Only the leaf classes are actually instantiated (emitted) by the system, but they can conceptually be treated as any of their respective superclasses, and contain all their superclasses’ bindings.

Please note that for simplicity, only three types of bindings are supported: strings, lists of strings, and maps with string keys and string values.

Event class	Binding (Type)	Description
AlertingEvent		Base class of all alerting events
	eventClass (String)	Concrete class of the event
	eventClasses (List)	All classes of the event (including superclasses)
	controllerUrl (String)	URL of the Step controller
	projectId (String)	ID of the Step project in which the event occurred
	projectName (String)	Name of the Step project in which the event occurred
	eventSummary (String)	Short human-readable summary/title of the event
ExecutionEvent	(extends AlertingEvent)	Base class of execution events
	executionId (String)	ID of the execution
	executionDescription (String)	Description of the execution, e.g. plan name
	executionUrl (String)	URL of the execution
	executionUserName (String)	Step user who performed the execution
	executionParameters (Map)	Parameters of the execution
AbstractExecutionEndedEvent	(extends ExecutionEvent)	Base class of execution ended events
	executionStatus (String)	Execution status (e.g. PASSED, TECHNICAL_ERROR )
	errorSummary (String)	Human-readable error summary (if applicable)
	errorCodes (List)	Error codes (if applicable)
ExecutionEndedEvent	(extends AbstractExecutionEvent)	Regular execution ended (e.g. plan was executed) Triggered after the execution of a plan.
ScheduledExecutionEndedEvent	(extends AbstractExecutionEvent)	Scheduled execution ended Triggered after each execution of a schedule.
	scheduleId (String)	ID of the schedule that triggered the execution
	scheduleName (String)	Name of the schedule that triggered the execution
	scheduleStatus (String)	Status of the schedule (after this execution)
	scheduleSucceeded (String)	Boolean indicating whether schedule is considered successful (true/false)
	assertionPlanExecutionStatus (String)	Status of the assertion plan execution (if applicable)
	assertionPlanExecutionUrl (String)	URL of the assertion plan execution (if applicable)
	assertionPlanErrorSummary (String)	Error summary of the assertion plan execution (if applicable)
	assertionPlanErrorCodes (List)	Error codes of the assertion plan execution (if applicable)
IncidentEvent	(extends AlertingEvent)	Base class of incident events
	incidentId (String)	ID of the incident
	incidentUrl (String)	URL of the incident
	incidentStatus (String)	Status of the incident (OPEN/CLOSED)
	incidentTitle (String)	Incident title
	incidentCauseEventClass (String)	Concrete class of the event that caused the incident event
	incidentCauseEventClasses (List)	All classes of the event that caused the incident event
	See further notes in description below
IncidentOpenedEvent	(extends IncidentEvent)	An incident was opened Triggered after the opening of an incident.
IncidentClosedEvent	(extends IncidentEvent)	An incident was closed Triggered after the closing of an incident.
IncidentRecordedEvent	(extends IncidentEvent)	An already-open incident reoccurred Triggered after re-observing a related event.

Notes

IncidentEvent instances will also copy most of the bindings of their causing event.
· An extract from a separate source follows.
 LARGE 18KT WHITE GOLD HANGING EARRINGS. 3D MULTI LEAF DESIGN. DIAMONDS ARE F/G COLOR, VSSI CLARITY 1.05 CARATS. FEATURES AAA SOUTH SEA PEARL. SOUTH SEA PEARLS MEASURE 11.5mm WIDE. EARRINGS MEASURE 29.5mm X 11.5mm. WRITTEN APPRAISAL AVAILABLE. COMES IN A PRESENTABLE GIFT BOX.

For instance, if an incident was opened in response to a ScheduledExecutionEndedEvent, it will also contain the scheduleName etc. bindings.
IncidentRecordedEvents are only informational and do not change the status of incidents. They are emitted when an incident would have been opened, but such an incident is already open. In this case, the occurrence is added as an informational entry to the existing incident.
After a schedule is executed, the system emits two events: one ExecutionEndedEvent related to the actual plan that was executed, and one ScheduledExecutionEndedEvent related to the schedule itself. These events do not necessarily have the same result status, because the schedule may be subject to the evaluation of an Assertion Plan which determines its status, independently of the status of the underlying plan.
The bindings can be evaluated in conditions, and actions. See the section on Binding Evaluation for more details.

Rules

As mentioned above, Step generates events automatically as they occur in the system. All events are fed into the alerting rules subsystem, but actions are only taken for events which specifically match the defined rules.
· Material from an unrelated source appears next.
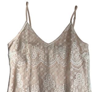 Forever 21 Womens Nude Lace Dress Size XS White Lace Overlay Slip Dress V-Neck

Here is an example of a project configured with two rules – one for automatically managing (i.e. opening/closing) incidents based on events emitted from scheduled executions, and one for sending notifications if incidents are opened.

The definition of the first rule is as shown below – as can be seen, it will react to ScheduledExecutionEndedEvents, and perform the action “Open/close incident automatically” as appropriate in response to these events.

Once the first rule is processed, it may in turn itself generate events related to incidents. These events are captured by the second rule, which reacts to IncidentEvents (except if the event is an IncidentRecordedEvent, see the description of conditions below), and actually sends a notification by mail.

Conditions

Every rule must be associated to at least an event class for which it will be evaluated. This can be any class in the hierarchy, but it is recommended to be as specific as possibly – in other words, use the most fitting subclass suitable for the task.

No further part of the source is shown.